> **Exercise materials**
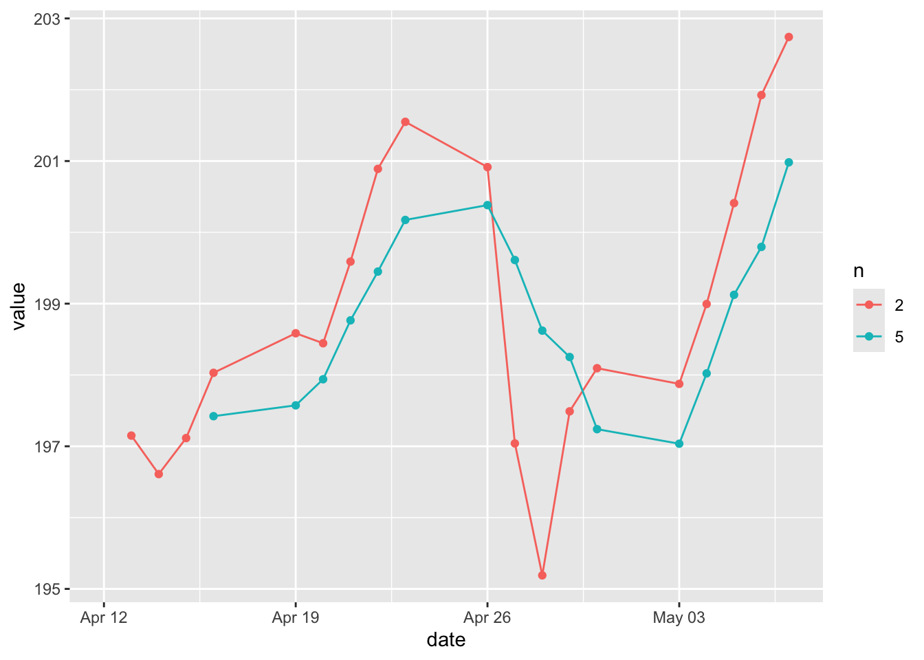 Here we have two simple moving averages in MMM subset. We reshape it to the long format to create the grouping variable n. We use color to differentiate the groups with colour = n.
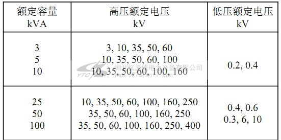 b)額定容量與高、低壓繞組電壓配合建議采用表1的推薦值,特殊要求時,由制造廠與用戶雙方協(xié)商確定。
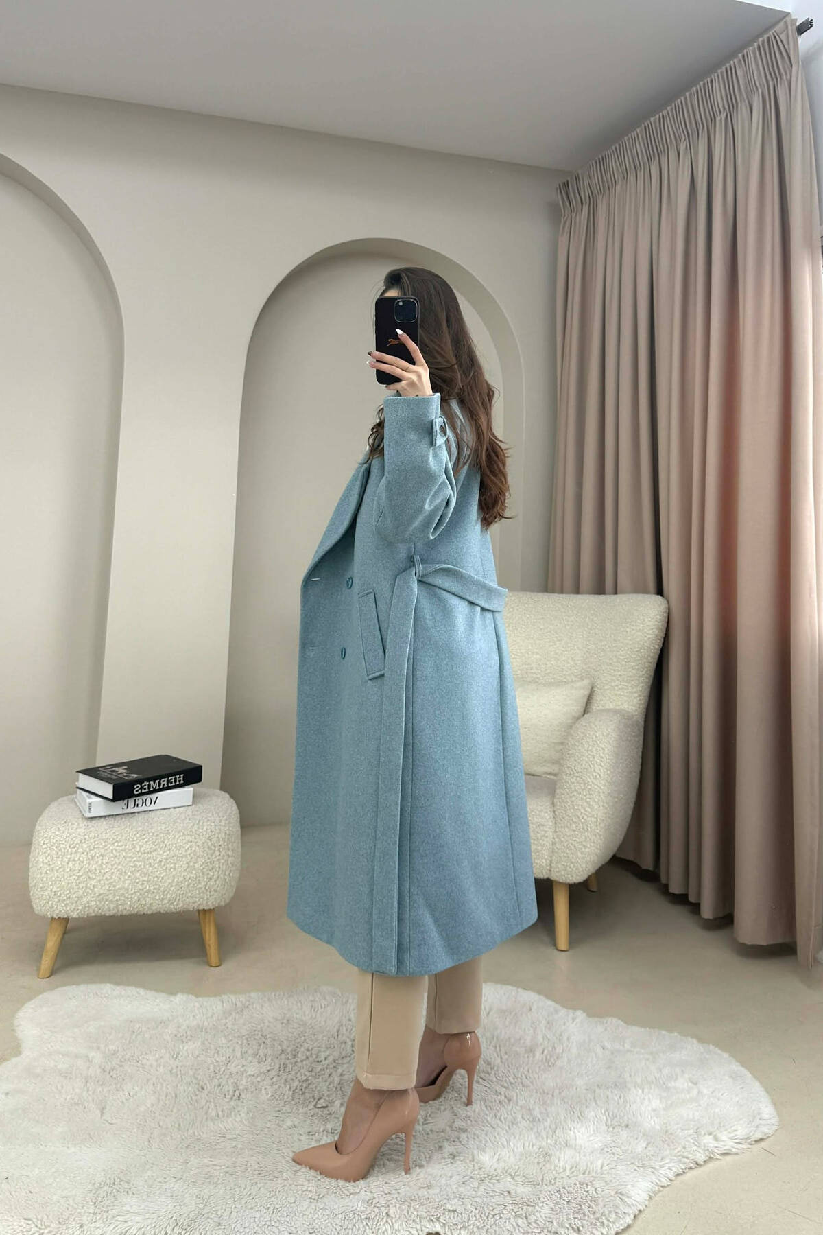 ONE COLOR BELT DETAIL LONG WOMEN TRENCH COAT LIGHTBLUE/BZ
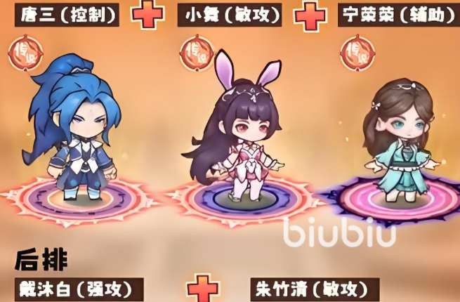 第一套推荐阵容由唐三、小舞、戴沐白、宁荣荣和朱竹清组成。这套组合具备双输出体系,整体爆发能力出色。小舞与朱竹清均为高单体伤害角色,技能释放精准且爆发力强,能够在集火目标时迅速将其击败。两人配合点杀战术,可有效清除敌方关键单位,大幅降低战斗难度。
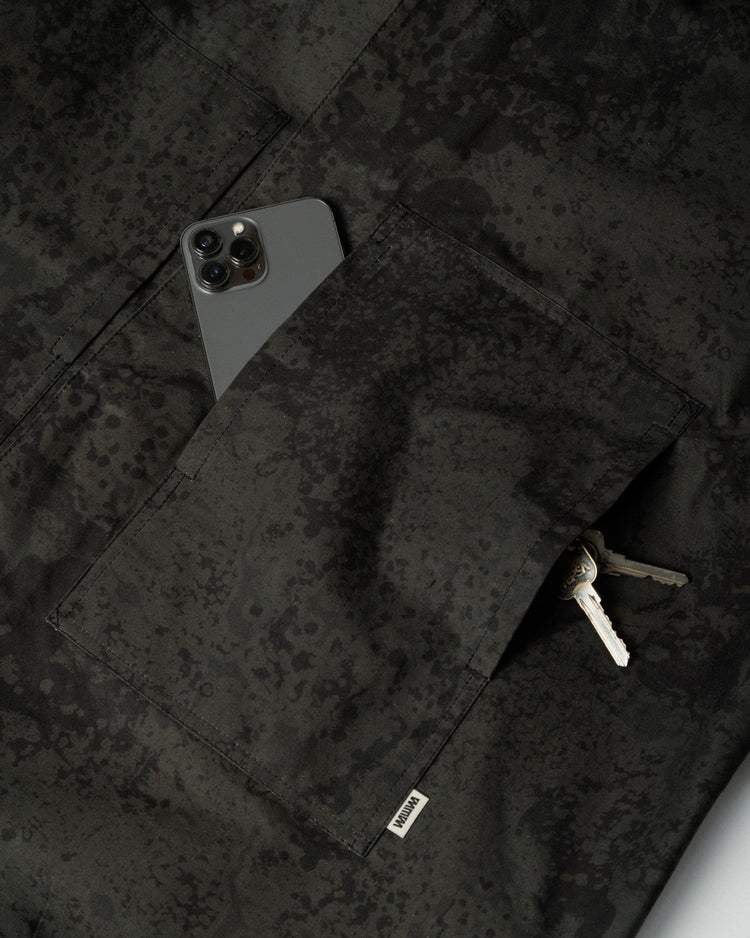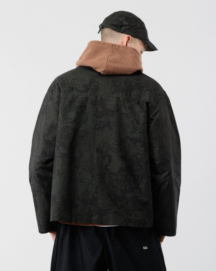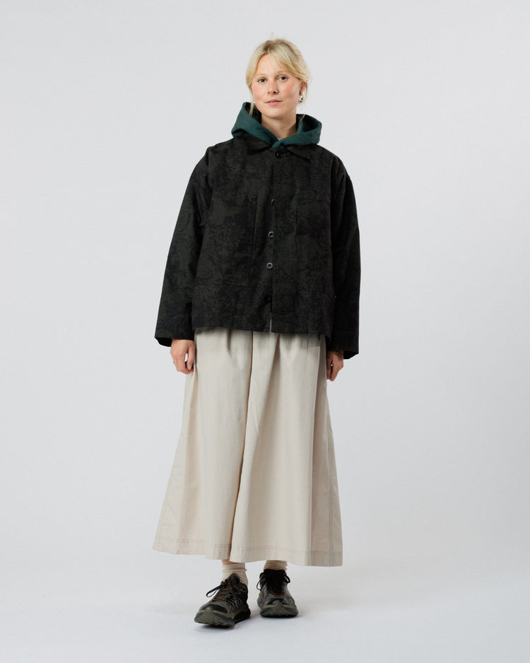 Our Limited Edition Nell Jacket combines everyday practicality with statement style. Crafted in a subtle Black Ink print on premium Scottish dry-waxed cotton canvas, the fabric evokes a textured, organic pattern reminiscent of ink dispersing through water, bringing a contemporary edge to a classic utilitarian design.
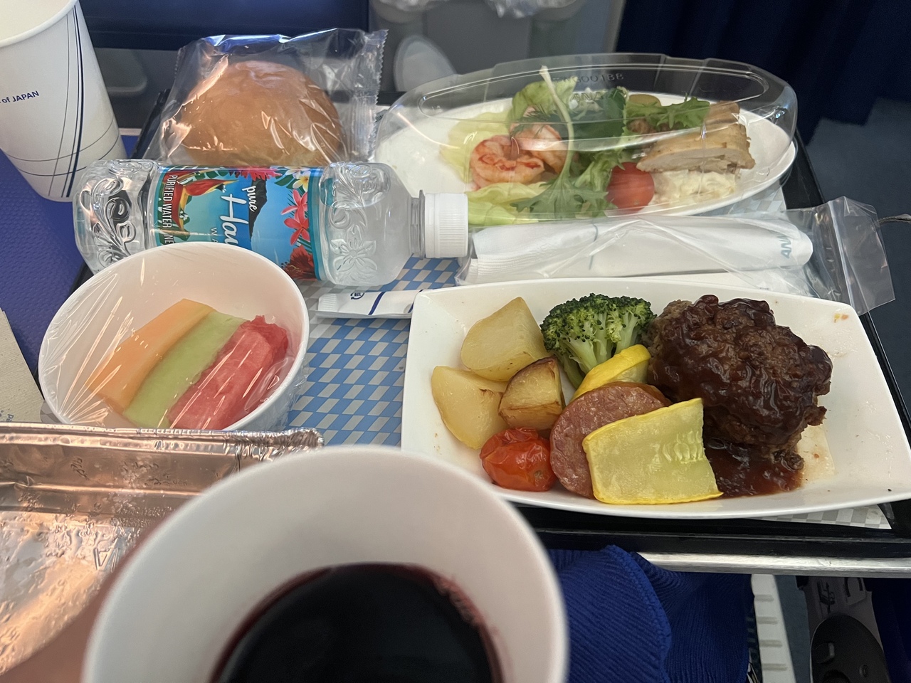 ANAのプレミアムエコノミーは初めてだったのですが、空港ラウンジも使え機内食も無料で「特別食」リクエスト可能
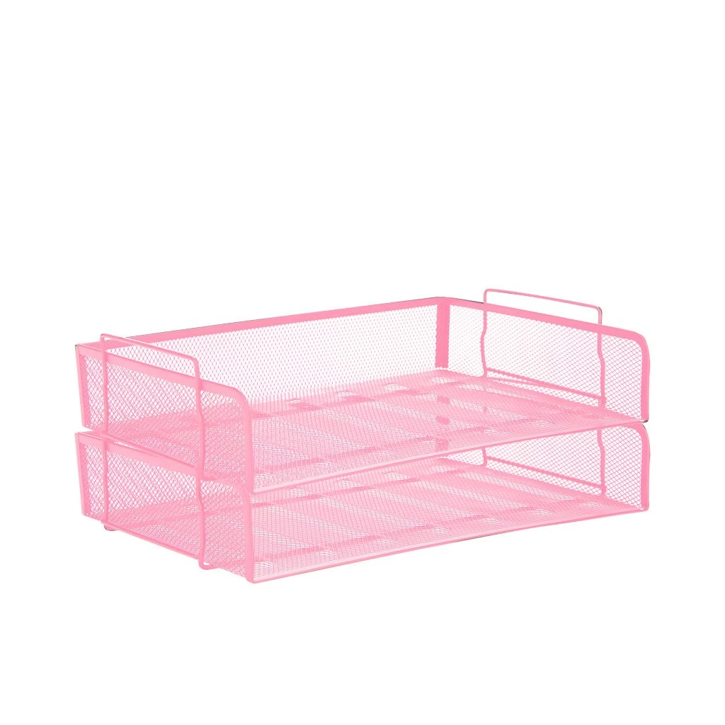 Mind Reader Metal Mesh Tray Holder and Desk Document Organizer Set, 2 pc., Pink, DSTACK2-PNK
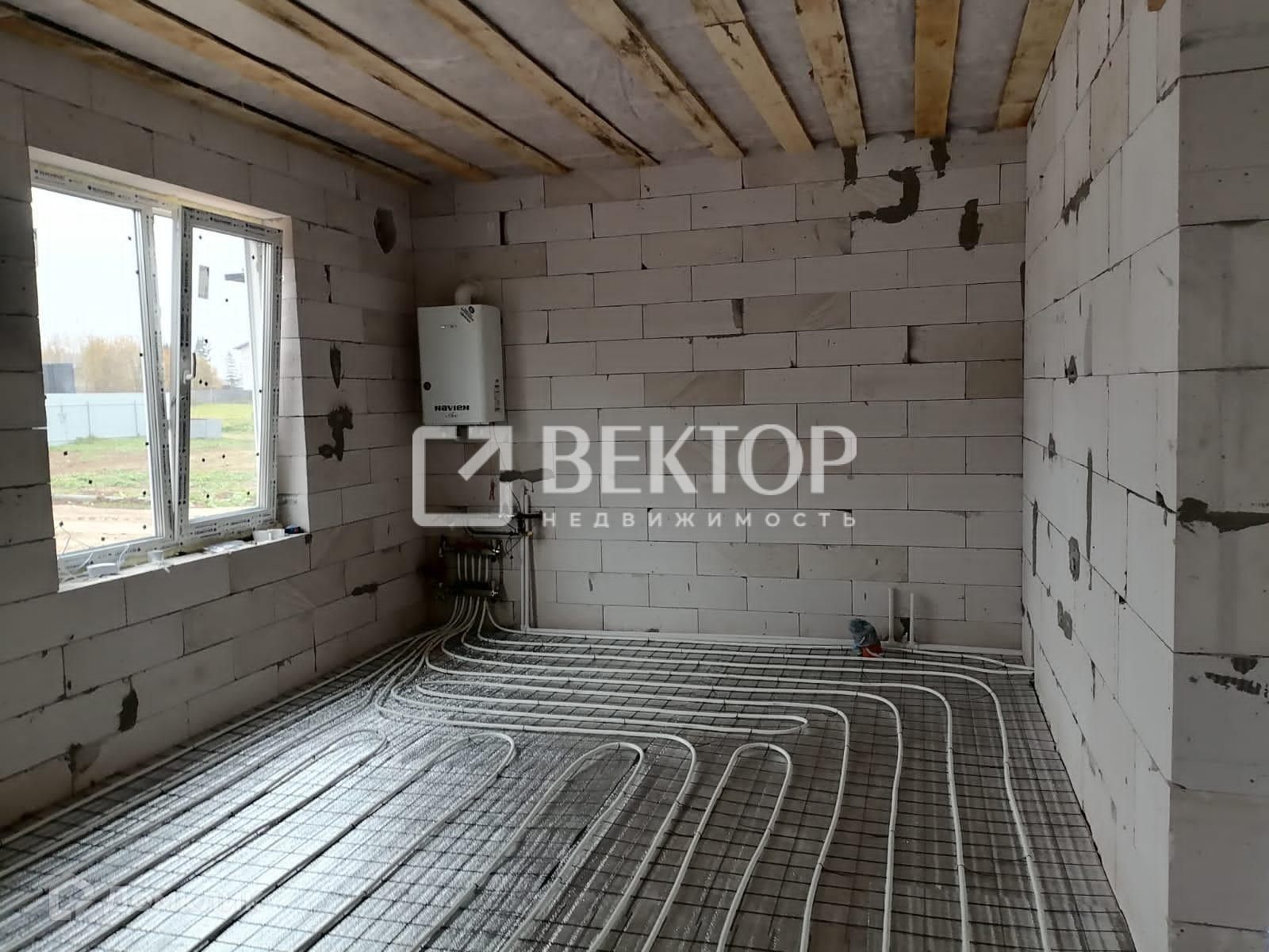 Установлен газовый котел. На данный момент ведутся работы по заливке теплого пола по всему первому этажу

> **Work request**
Start with the line that holds "第一套推荐阵容由唐三、小舞、" and retype each line through the last one in the data, exactly and without pictures.

> **The completed task**
 第一套推荐阵容由唐三、小舞、戴沐白、宁荣荣和朱竹清组成。这套组合具备双输出体系,整体爆发能力出色。小舞与朱竹清均为高单体伤害角色,技能释放精准且爆发力强,能够在集火目标时迅速将其击败。两人配合点杀战术,可有效清除敌方关键单位,大幅降低战斗难度。
 Our Limited Edition Nell Jacket combines everyday practicality with statement style. Crafted in a subtle Black Ink print on premium Scottish dry-waxed cotton canvas, the fabric evokes a textured, organic pattern reminiscent of ink dispersing through water, bringing a contemporary edge to a classic utilitarian design.
 ANAのプレミアムエコノミーは初めてだったのですが、空港ラウンジも使え機内食も無料で「特別食」リクエスト可能
 Mind Reader Metal Mesh Tray Holder and Desk Document Organizer Set, 2 pc., Pink, DSTACK2-PNK
 Установлен газовый котел. На данный момент ведутся работы по заливке теплого пола по всему первому этажу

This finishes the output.